Chapter Notes:
How do we collate, process, evaluate, combine, and synthesize the diverse range of content not available to us?
Metadata – has become the defining feature of Web 2.0.
Metadata in a produsage context operates through the three core practices of tagging, linking, and browsing
There are sites that aggregate data from blogs: Technorati, TextMap, TechMeme, and Findory. Google extracts metadata from client and server side tools. 2+ billion Google searches/month.
Commercial harnessing of metadata. Best example is Amazon. Mines search and purchase patterns and generates listings and recommendations for other related products. Amazon’s catalog is basically prodused by customers.
We are approaching a cosmopedia. Raises the crucial question of how the knowledge structures are going to be determined and curated. Knowledge is equated with power, and the structures of knowledge in the cosmopedia will substantially affect the ability of participants (to form opinions, hold discussions, etc.)
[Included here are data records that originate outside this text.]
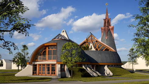 Az építészeti terveket Pesterzsébet Önkormányzata finanszírozta, valamint jelentős adományt tett a Fővárosi Önkormányzat is. A terv 2011-ben már megszületett, de a Mester halála mindent blokkolt, legalábbis lelassított. A tervezést Makovecz Imre megbízásából tanítványa, Dósa Papp Tamás folytatta. Ő felidézte: a mester mindig azt az egy épületet szerette volna megépíteni, amely az emberiség előtt már állt a világban. A templomnak az az alapgondolata, hogy olyannak kell lennie, mintha az alja a földből nőne ki, a teteje pedig az égből ereszkedne alá. Makovecz megfogalmazásában: "A templom a megváltás titokzatos helye, az átalakulás, a megújulás, az égiek és földiek egymásra találásának, az élő kövek, a felzengő, diadalmas énekbeszéd helye, Isten csöndjének felszakadása, a színről színre látás csonthasító pillanatának szentegyháza."
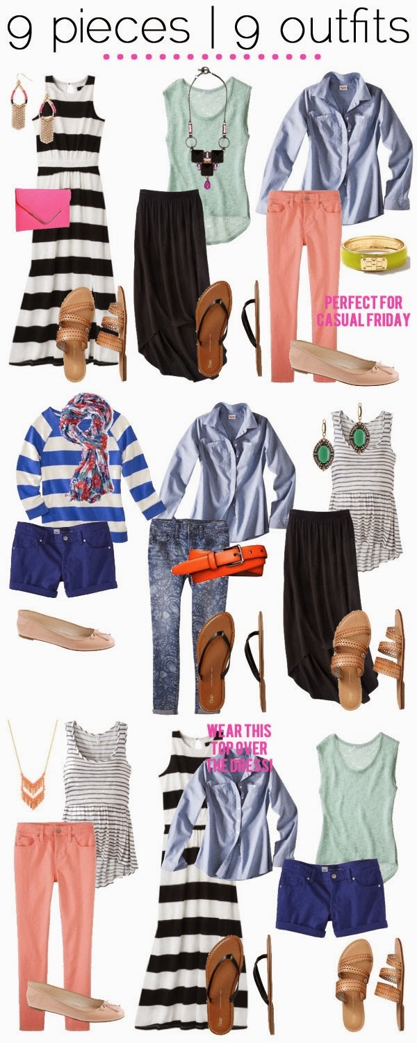 I want to go shopping so bad. I haven’t really bought any new clothes since I had Jack and before then I wasn’t buying anything that I couldn’t wear while pregnant. I got a nice little bonus at work so I’m thinking I need to add some new items to my wardrobe. Until then, I might try to re-create some new looks with what I’ve already got. I love this idea of taking 9 things and making 9 different outfits!
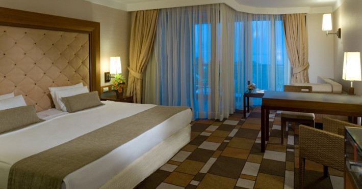 Facilitati camere: Hotelul Rixos Sungate este compus din patru complexe separate: cladirea Main Building Port Queen cu 8 si 5 nivele conectate intre ele, 2 cladiri Terrace Houses cu 5 si 6 nivele, cladirea Family Lake Houses cu 2 nivele (langa piscina) si o zona inchisa VIP Deluxe care include piscine, restaurant, bar, 26 vile cu 2 nivele si o cladire cu 4 nivele. Toate camerele sunt dotate cu baie cu cada, foehn, aer conditionat centralizat, televizor, telefon, minibar (apa, bauturile racoritoare, berea se suplimenteaza zilnic, gratuit), seif (gratuit), pardoseala, mocheta, balcon sau terasa, room service (24 de ore, contra cost) si internet WiFi.
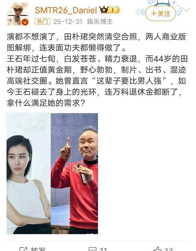 就在田朴珺的大型跨界访谈节目《共同说》,王石、段永平、田朴珺难得同框里,田朴珺在荧幕里谈笑风生,仿佛一切都在掌握之中,而王石更像是被时代抛弃的人,自带落寞。 特别是节目收尾时段永平对王石说的那一句“对自己好一点”,又何尝不是戳破了王石婚姻中最后滋崩的遮羞布。 就在最近,网传田朴珺删了很多与王石的同框合照,婚变传闻瞬间挂上热搜。
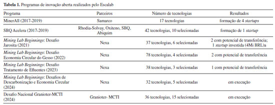 Programas de inovação aberta na área de química: o caso do Mining Lab Beginnings-Nexa que conecta universidade-empresa estimulando o licenciamento de tecnologias e criação de startups Open innovation programs in the area of chemistry: the case of Mining Lab Beginnings-Nexa to conect universities-industry and promote technology licensing and startup creation |
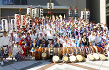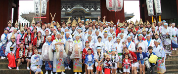 | | 200名を超える参加者全員の記念撮影、駅前広場で組み踊りを披露した後、イベント広場では4連勢ぞろいで総踊り。徳島をアピールした1日でした。
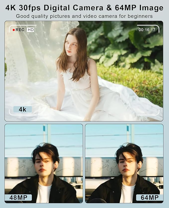 - 【5K 64MP Autofocus Vlogging Camera】Capture crisp, high-resolution images and ultra-clear 5K video with this 64MP digital camera for photography—perfect for vlogging, travel, and content creation. With autofocus and 18X digital zoom, every detail stays crisp and vibrant even from a distance.
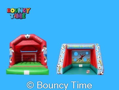 This package contains a football shoot out as well as a a football theme bouncy castle, 2x inflation fan, extension cables, anchor stakes or sand bags and 2 footballs.
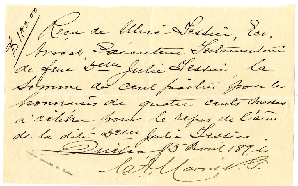 Reçu octroyé à Ulric Tessier pour la célébration des messes pour le repos de l'âme de Julie Tessier, 15 avril 1896, Archives nationales à Rimouski, Fonds Famille Tessier, (01R,P1,S3,SS2,P93).
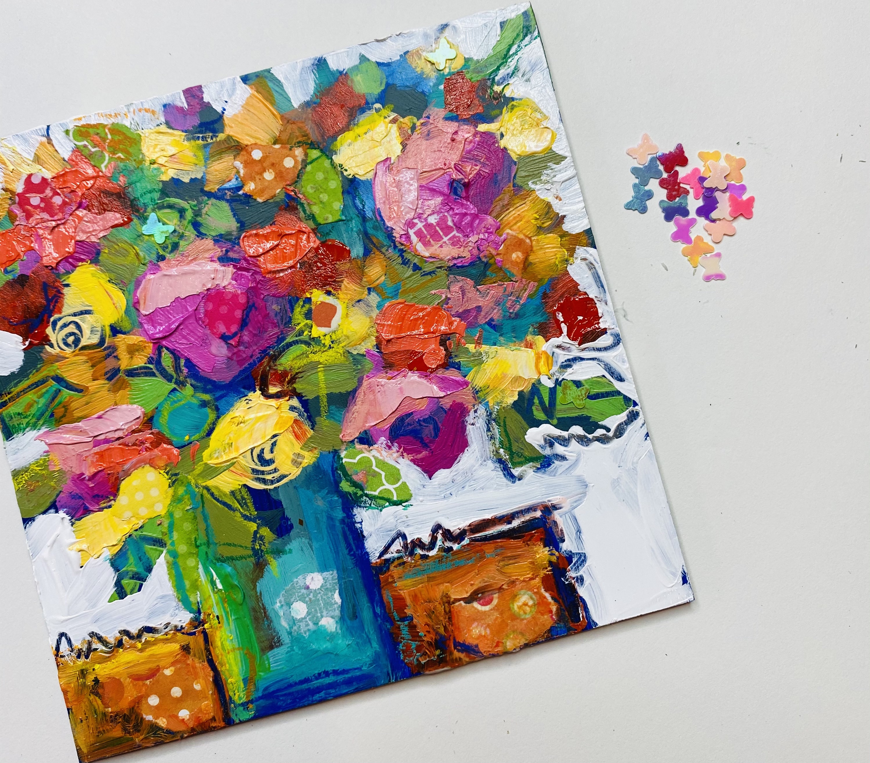 As a self-taught mixed media artist, I love bringing happy and fun into the world by creating colorful, textured art with lots of personality. I hope you will find courses here to help you learn, grow and discover your own artistic style!

Cheap Metadata (ad hoc metadata) – metadata that is prodused through randomness, as opposed to the active formations of tags. It is produsage-basead – broad range of equipotential contributors; highly fluid; loose heterarchy.
Folksonomy – new fluid dialogic, pluralistic form of user-driven, user-generated, prodused content taxonomies. (Name comes from the broad range of users.)
Metadata may be skewed by the generation of tags created from web use and from personal use – such as people tagging their personal photos on Flickr.
Ad hoc nature of folksonomy more responsive to rapid changes in the range, depth, and topical make-up of available knowledge.
Problems with folksonomies: exposure to deliberate disruptions by spammers, broad range of users with different vocabularies and terms. Still, may be the best available method.
Return to taxonomies highly unlikely.
There are still people involved in the process (even though its user prodused). However, they are more guides of the process as opposed to creators of it.